--- Aim of the exercise ---
For each line below with the word "Cotton", write out a copy.
--- Dataset extract Enclosed Below ---
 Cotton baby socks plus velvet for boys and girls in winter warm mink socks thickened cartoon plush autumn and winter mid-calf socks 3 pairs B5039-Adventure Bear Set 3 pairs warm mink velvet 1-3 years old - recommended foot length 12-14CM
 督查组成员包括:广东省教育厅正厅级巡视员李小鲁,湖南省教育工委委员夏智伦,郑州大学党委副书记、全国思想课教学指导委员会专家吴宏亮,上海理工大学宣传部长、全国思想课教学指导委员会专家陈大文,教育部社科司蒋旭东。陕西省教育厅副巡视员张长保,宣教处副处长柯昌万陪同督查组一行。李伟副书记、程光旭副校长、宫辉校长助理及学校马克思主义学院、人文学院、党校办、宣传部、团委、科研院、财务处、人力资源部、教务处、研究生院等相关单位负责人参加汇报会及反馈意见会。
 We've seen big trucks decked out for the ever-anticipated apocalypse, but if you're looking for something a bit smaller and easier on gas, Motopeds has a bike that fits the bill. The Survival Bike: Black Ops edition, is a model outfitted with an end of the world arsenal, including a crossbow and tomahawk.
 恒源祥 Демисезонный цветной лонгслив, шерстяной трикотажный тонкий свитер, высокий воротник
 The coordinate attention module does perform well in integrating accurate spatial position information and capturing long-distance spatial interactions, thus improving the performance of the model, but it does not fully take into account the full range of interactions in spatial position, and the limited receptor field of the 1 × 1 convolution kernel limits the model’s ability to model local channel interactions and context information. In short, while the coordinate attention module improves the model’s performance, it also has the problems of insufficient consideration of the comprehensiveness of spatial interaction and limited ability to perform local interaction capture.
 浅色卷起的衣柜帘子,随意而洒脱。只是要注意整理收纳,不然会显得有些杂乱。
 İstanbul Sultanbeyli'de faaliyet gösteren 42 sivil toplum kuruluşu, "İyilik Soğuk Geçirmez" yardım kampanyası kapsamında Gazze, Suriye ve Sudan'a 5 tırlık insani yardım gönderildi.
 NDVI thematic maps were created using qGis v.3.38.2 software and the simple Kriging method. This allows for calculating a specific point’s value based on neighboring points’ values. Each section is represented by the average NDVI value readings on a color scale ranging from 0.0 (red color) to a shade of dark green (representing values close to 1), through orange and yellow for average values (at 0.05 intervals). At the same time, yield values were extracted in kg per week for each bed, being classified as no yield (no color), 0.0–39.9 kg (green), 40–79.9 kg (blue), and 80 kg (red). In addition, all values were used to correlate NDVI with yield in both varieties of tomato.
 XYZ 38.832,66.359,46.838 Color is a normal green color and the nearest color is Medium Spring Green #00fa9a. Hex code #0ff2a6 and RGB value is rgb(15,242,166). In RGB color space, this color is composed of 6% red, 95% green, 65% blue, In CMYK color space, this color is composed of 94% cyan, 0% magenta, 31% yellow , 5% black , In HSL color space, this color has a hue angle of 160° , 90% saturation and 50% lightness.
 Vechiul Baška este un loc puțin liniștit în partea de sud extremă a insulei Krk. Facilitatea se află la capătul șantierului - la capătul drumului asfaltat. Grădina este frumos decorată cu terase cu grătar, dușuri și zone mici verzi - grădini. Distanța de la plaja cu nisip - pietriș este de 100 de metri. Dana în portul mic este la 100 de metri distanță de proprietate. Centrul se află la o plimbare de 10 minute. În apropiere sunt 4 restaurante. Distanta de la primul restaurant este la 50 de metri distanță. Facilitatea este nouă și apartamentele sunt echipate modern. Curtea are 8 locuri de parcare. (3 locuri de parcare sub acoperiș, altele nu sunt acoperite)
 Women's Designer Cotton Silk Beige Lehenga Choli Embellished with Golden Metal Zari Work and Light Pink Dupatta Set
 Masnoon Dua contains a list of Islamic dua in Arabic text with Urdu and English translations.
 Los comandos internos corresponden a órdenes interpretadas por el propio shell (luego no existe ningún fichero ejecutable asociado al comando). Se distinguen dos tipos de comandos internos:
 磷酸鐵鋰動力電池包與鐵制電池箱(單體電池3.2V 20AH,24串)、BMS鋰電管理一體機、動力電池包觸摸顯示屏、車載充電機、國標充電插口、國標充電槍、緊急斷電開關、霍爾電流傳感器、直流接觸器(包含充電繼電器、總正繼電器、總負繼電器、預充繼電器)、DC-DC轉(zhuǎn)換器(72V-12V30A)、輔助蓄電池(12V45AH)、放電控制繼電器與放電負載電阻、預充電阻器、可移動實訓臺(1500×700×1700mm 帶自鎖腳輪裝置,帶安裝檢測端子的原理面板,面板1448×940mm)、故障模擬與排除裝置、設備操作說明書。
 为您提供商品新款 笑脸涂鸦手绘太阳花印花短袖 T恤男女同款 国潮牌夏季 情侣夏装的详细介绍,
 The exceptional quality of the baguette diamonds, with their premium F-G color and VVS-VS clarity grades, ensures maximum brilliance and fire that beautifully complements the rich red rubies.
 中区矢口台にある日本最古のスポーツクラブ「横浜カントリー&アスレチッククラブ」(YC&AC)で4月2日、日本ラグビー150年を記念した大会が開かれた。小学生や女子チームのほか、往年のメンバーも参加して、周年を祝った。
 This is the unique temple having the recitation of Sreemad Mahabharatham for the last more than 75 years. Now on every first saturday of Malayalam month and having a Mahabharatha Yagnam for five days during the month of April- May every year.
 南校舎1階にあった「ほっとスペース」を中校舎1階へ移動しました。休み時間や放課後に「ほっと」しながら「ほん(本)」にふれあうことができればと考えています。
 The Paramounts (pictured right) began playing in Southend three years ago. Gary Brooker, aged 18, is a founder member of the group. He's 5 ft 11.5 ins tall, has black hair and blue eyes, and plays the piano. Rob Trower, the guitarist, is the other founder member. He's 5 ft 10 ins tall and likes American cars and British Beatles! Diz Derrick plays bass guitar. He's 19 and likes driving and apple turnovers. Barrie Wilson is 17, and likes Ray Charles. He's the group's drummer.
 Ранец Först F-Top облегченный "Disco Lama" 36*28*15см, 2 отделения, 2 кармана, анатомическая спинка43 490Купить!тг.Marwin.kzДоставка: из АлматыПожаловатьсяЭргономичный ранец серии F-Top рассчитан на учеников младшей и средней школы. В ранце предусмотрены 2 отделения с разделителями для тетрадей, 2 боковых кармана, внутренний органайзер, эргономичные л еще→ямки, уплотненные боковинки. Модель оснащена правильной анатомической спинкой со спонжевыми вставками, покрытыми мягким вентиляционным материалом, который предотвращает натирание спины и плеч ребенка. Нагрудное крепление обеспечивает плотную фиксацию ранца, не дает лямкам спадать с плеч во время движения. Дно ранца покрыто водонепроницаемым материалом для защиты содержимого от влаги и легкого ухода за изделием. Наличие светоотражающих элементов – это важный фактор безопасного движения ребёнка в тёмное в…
--- End of Enclosed Dataset extract ---
--- Written solution ---
 Cotton baby socks plus velvet for boys and girls in winter warm mink socks thickened cartoon plush autumn and winter mid-calf socks 3 pairs B5039-Adventure Bear Set 3 pairs warm mink velvet 1-3 years old - recommended foot length 12-14CM
 Women's Designer Cotton Silk Beige Lehenga Choli Embellished with Golden Metal Zari Work and Light Pink Dupatta Set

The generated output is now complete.